# WHAT YOU WILL DO
Write out exactly the lines from the one holding "1、八字中戌 🌻 卯是什么命格呢女 🐡 孩" to the last line of the entries, both ends included and nothing else, without the pictures.

# MATERIAL PROVIDED
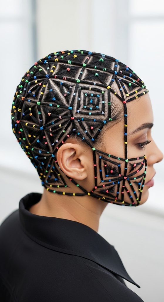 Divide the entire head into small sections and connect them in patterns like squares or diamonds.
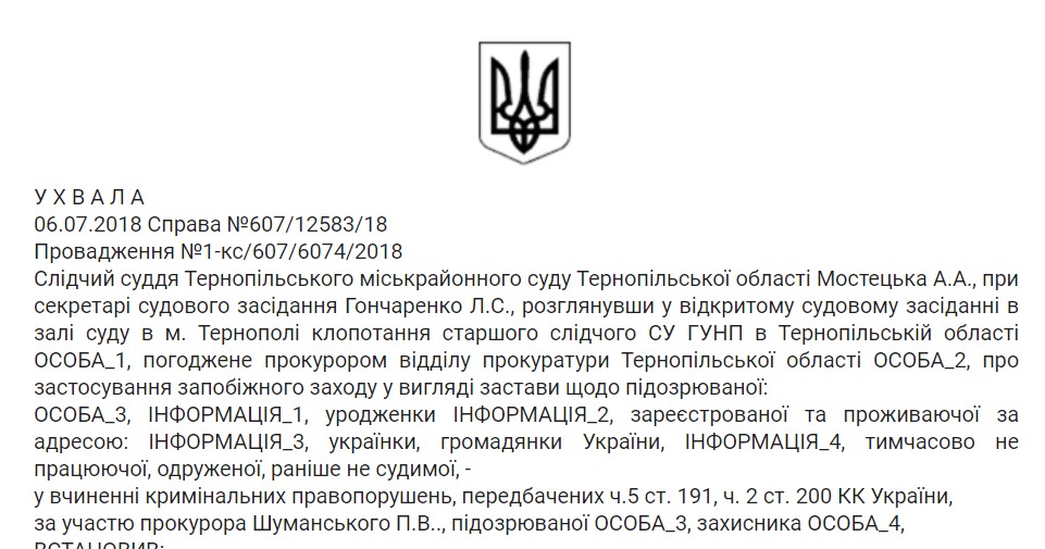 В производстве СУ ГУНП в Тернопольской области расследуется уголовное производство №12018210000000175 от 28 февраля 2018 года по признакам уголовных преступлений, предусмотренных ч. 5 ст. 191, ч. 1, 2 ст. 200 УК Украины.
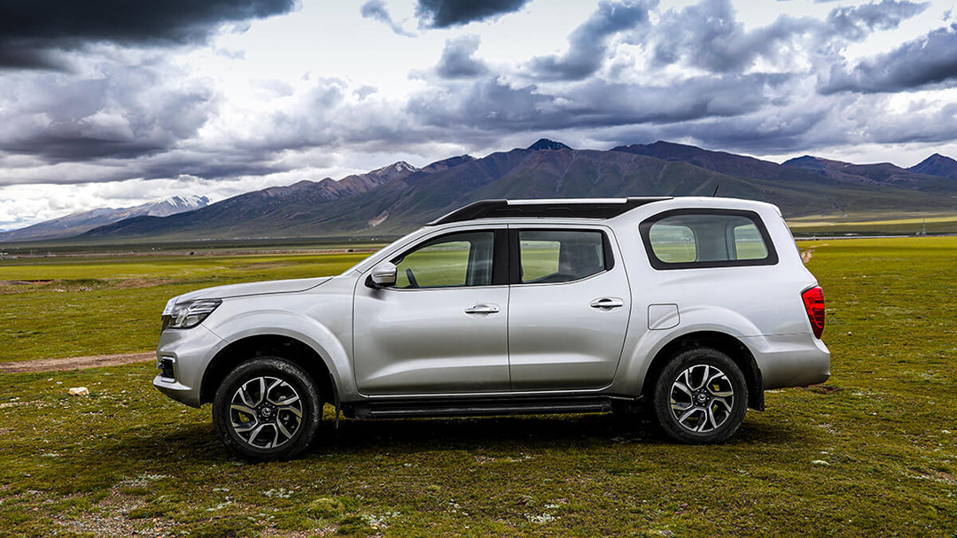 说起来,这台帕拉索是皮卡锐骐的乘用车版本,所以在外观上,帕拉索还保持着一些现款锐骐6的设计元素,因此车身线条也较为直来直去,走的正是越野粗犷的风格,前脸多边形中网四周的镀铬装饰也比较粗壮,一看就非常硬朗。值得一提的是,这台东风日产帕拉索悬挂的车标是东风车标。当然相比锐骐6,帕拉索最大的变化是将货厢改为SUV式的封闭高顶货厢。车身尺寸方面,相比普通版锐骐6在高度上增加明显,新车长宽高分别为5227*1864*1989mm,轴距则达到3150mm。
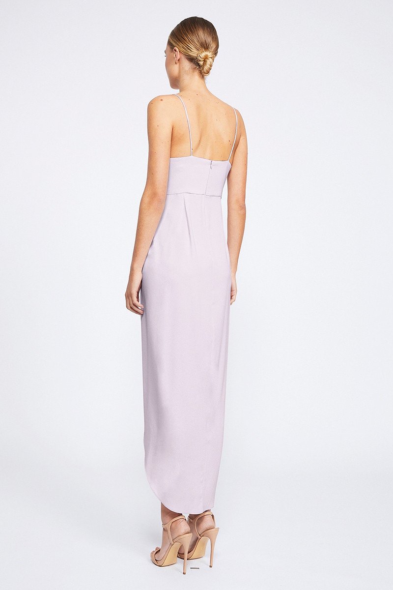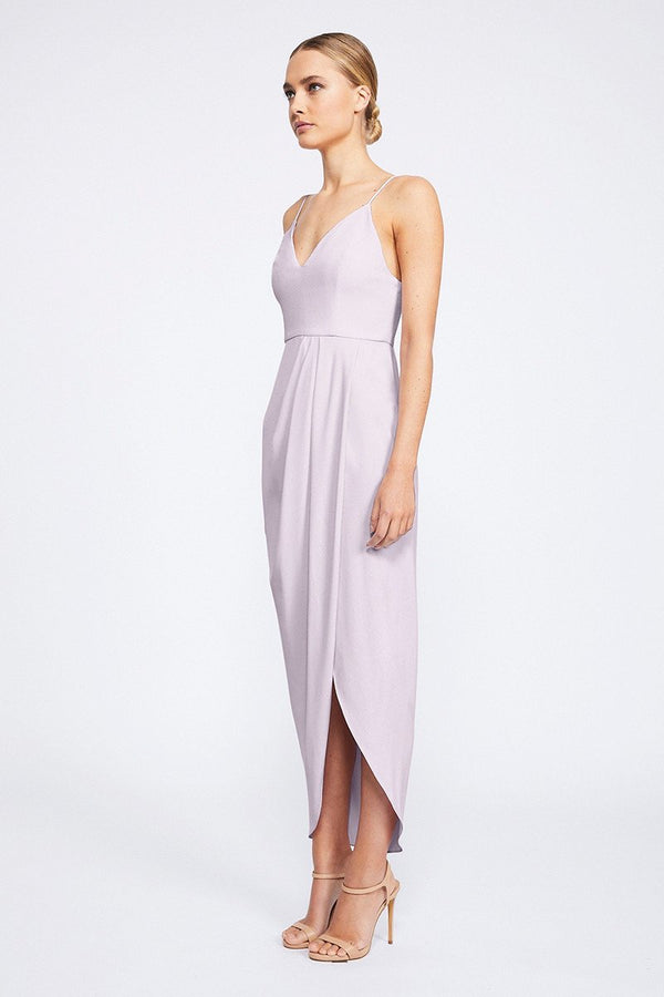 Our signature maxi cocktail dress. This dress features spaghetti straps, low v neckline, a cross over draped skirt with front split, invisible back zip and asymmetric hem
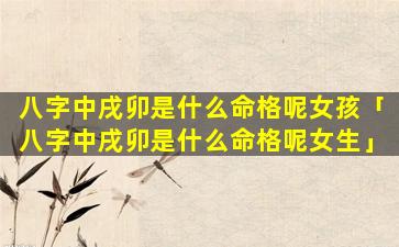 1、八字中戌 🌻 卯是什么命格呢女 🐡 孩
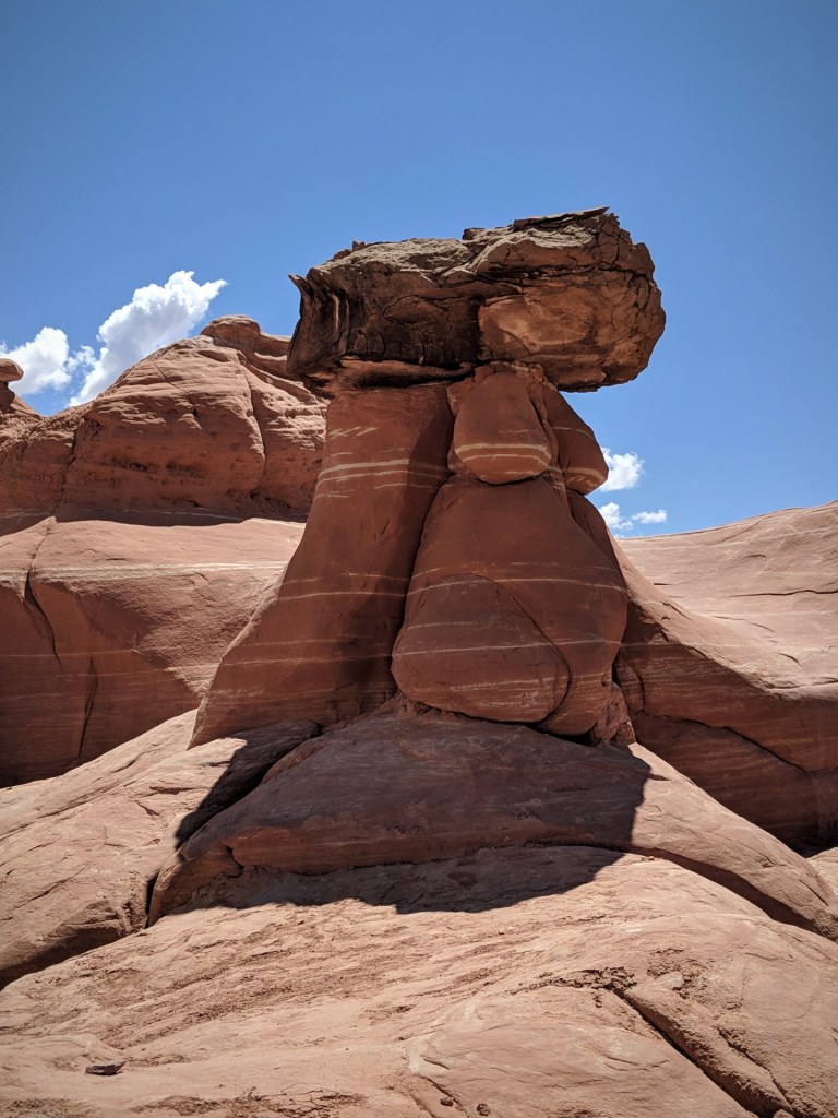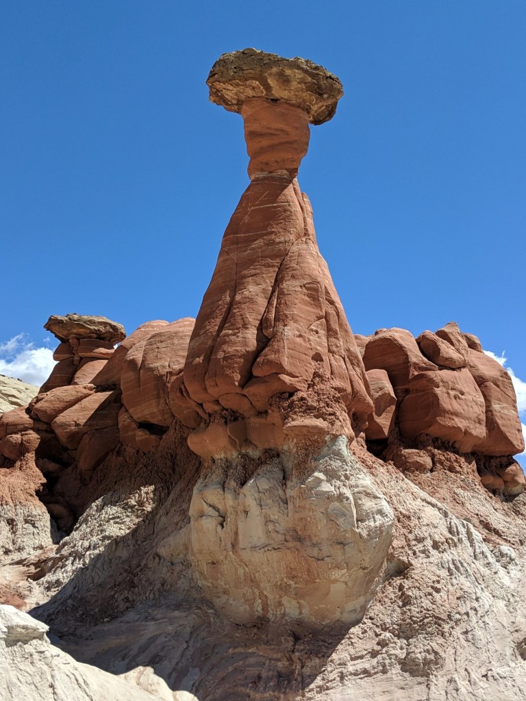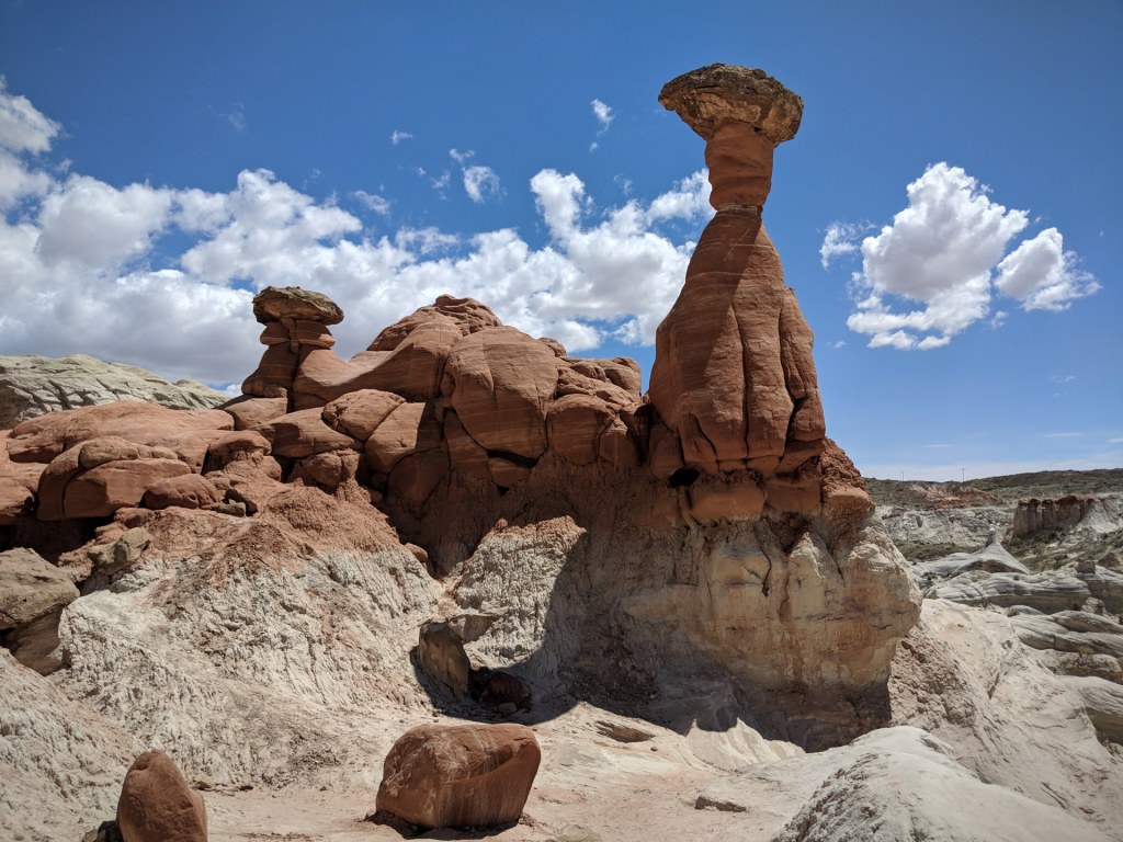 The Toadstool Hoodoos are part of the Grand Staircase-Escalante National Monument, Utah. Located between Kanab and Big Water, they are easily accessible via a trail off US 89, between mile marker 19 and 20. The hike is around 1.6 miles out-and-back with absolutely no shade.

# OUTPUT FOR THIS TASK
 1、八字中戌 🌻 卯是什么命格呢女 🐡 孩
 The Toadstool Hoodoos are part of the Grand Staircase-Escalante National Monument, Utah. Located between Kanab and Big Water, they are easily accessible via a trail off US 89, between mile marker 19 and 20. The hike is around 1.6 miles out-and-back with absolutely no shade.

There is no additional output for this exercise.